» **Action item**
An exact copy of the lines of the listing below between the "أعلنت وزارة الصحة،" line and the "С помощью пластикового" line, both included, is the whole answer; please omit the pictures.

··· Input data

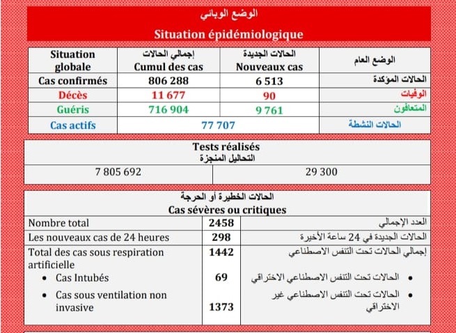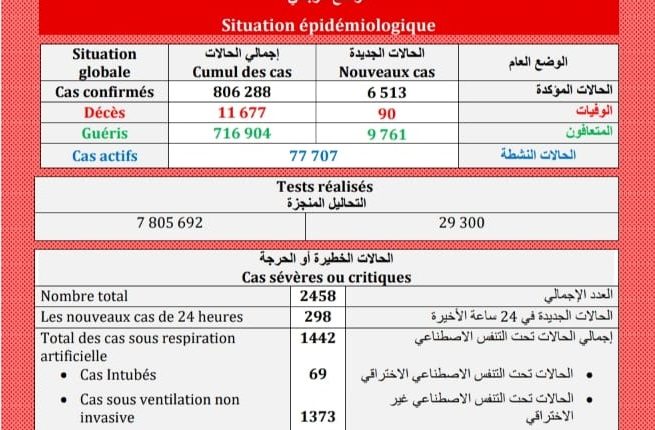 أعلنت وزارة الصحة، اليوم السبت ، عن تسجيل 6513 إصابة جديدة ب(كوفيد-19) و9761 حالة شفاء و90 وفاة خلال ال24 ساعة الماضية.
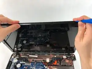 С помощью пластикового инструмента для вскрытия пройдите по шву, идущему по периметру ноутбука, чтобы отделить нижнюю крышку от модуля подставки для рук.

······
··· Input data

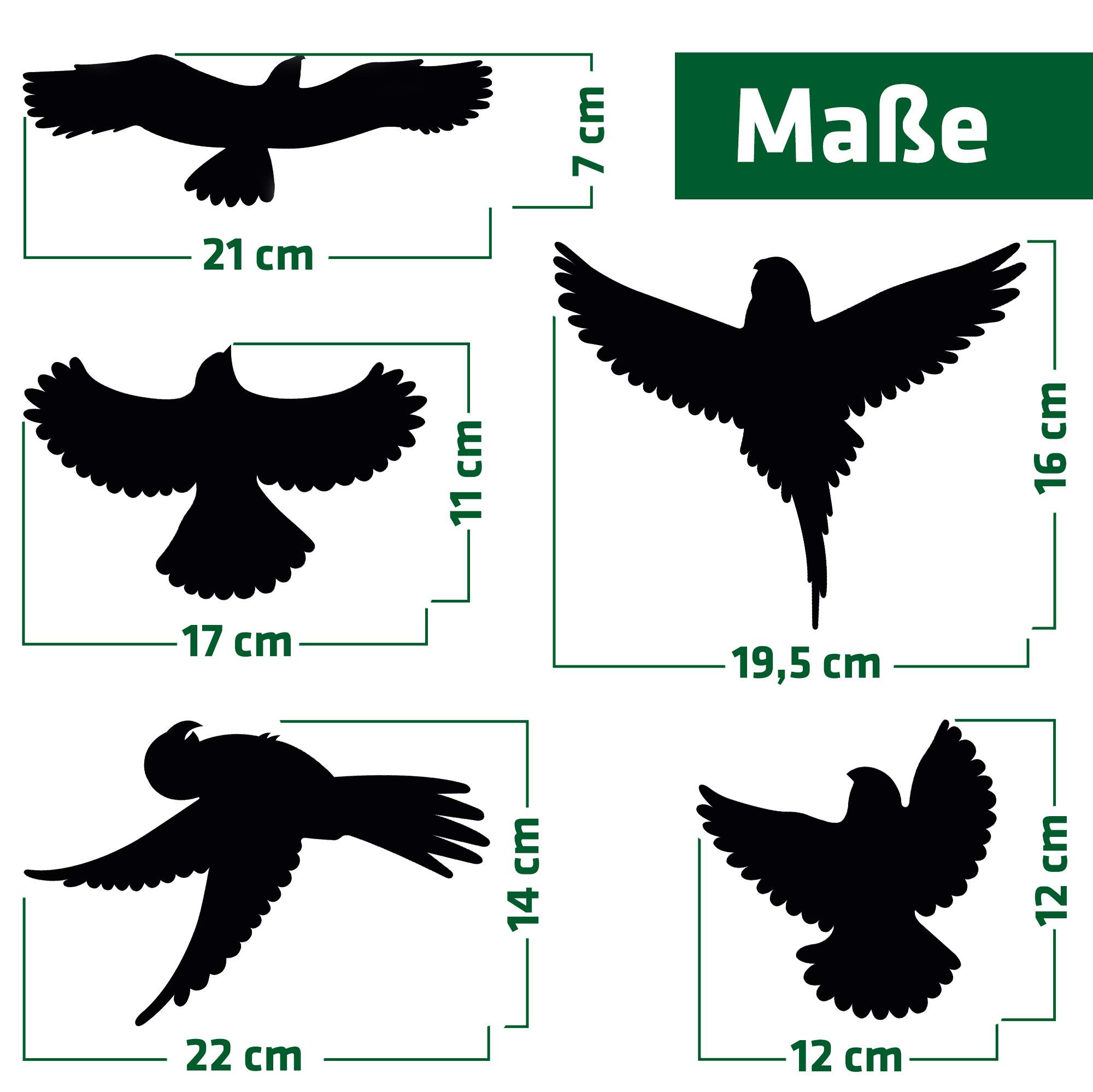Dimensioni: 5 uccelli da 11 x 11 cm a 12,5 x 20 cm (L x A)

······

» **Your solution**
 أعلنت وزارة الصحة، اليوم السبت ، عن تسجيل 6513 إصابة جديدة ب(كوفيد-19) و9761 حالة شفاء و90 وفاة خلال ال24 ساعة الماضية.
 С помощью пластикового инструмента для вскрытия пройдите по шву, идущему по периметру ноутбука, чтобы отделить нижнюю крышку от модуля подставки для рук.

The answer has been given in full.